Copies were printed, included in circulation figures, and then destroyed
The inconsistencies in data reporting included lapsed contracts that continued to be counted in circulation data, copies that were printed, counted for circulation, and then destroyed, as well as double-counting of subscriptions across multiple instances.
"A project account was injected with additional funding over a period of time to purchase fictitious circulation," said the spokesperson, adding that "certain circulation numbers were arbitrarily derived."
Several senior employees "taken to task"
The SPH Media spokesperson said the company has "immediately taken steps to strengthen processes", adding that the staff involved had either been taken to task or had left the organisation.
ST reported that they were senior employees, but did not provide their names or list the number of employees affected.

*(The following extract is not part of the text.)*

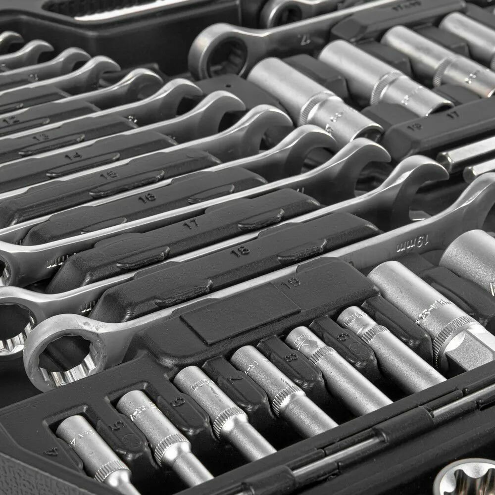 | Инструменты в комплекте | вороток для головок / ключи гаечные / ключи имбусовые (шестигранные) / рукоять для бит / рукоять для головок / трещотка |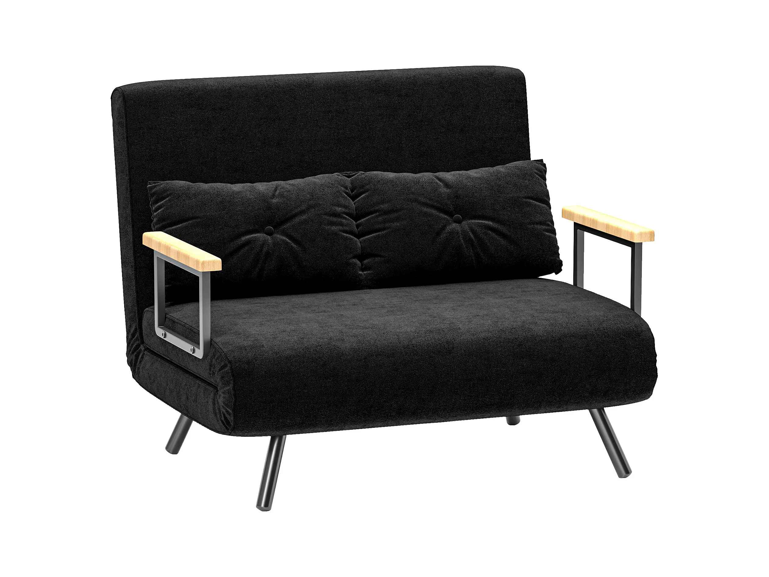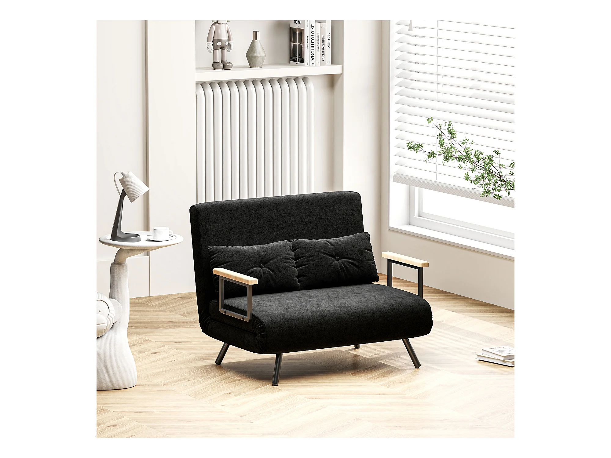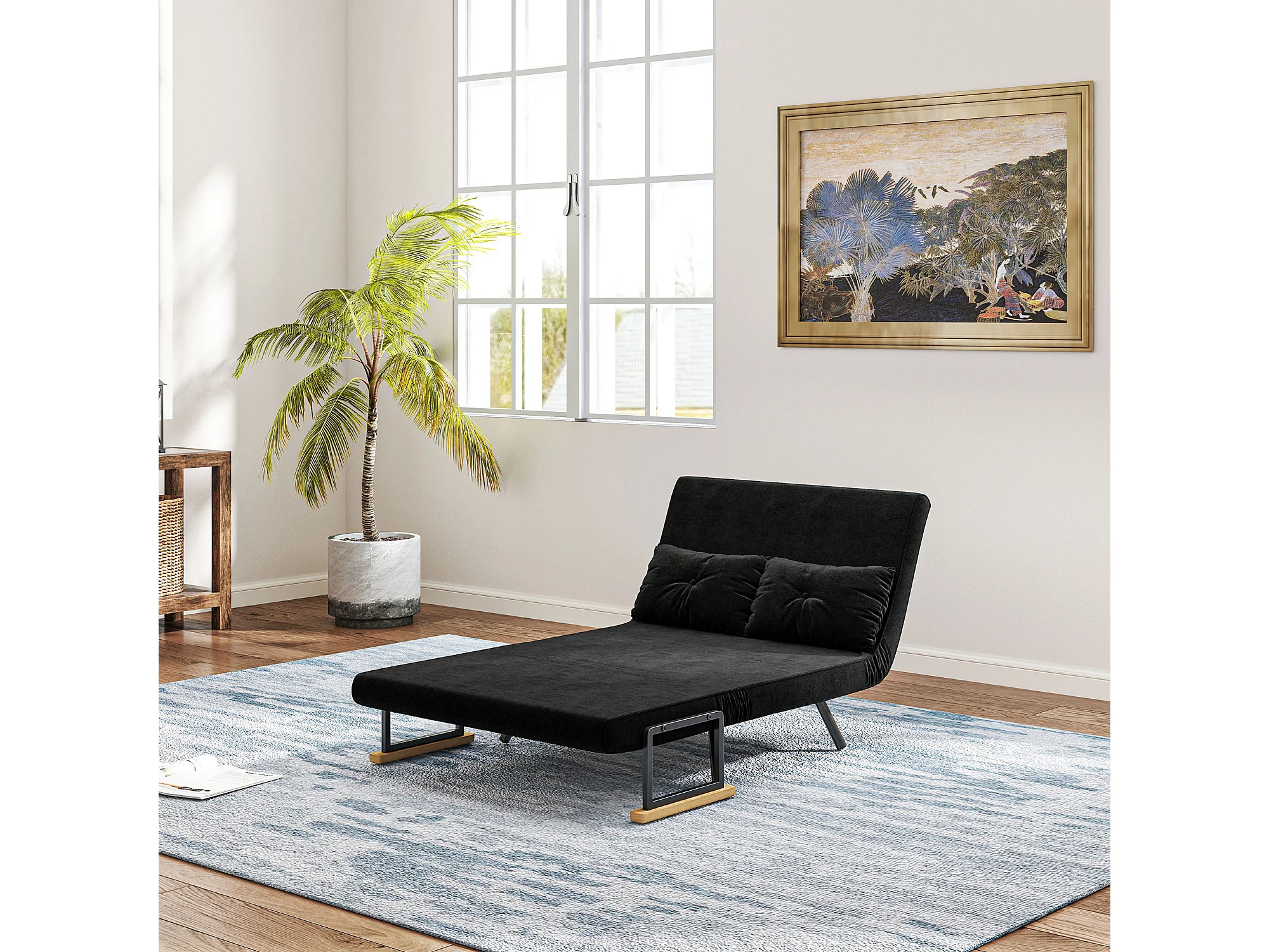 Divano letto 3 in 1 vellutato con schienale regolabile 5 livelli nero

ST did not mention in its report what exactly "taken to task" meant.
Wake Up Singapore (WUSG) alleged on Jan. 9 that three executives have left SPH Media, adding that they were "all industry veterans with more than five decades of experience among them."
These three individuals were still with SPH Media according to their LinkedIn profiles as of Jan. 8, 2023, stated WUSG.
Mothership has reached out to SPH Media for comment.
MCI is aware; asked SPH Media to share full findings
A Ministry of Communications and Information (MCI) spokesperson told ST that the ministry is aware of the reports.
"MCI has asked SPH Media to share its full findings and has recently received SPH Media’s internal report on the matter," the spokesperson said.
The spokesperson added: "MCI will undertake our own review to determine if these inconsistencies in circulation data affect the decision to fund, and the amount the Government committed to fund SPH Media. MCI expects SPH Media to fully cooperate with our review."
MCI announced in February 2022 that SPH Media would get up to S$900 million in funding for the next five years, which works out to around $180 million annually, to sustain the not-for-profit entity.
During this period, SPH Media is required to provide progress updates to MCI on a half-yearly basis, and its performance will be closely monitored by the ministry.
Top image by Ahmad Shahir from Google Maps.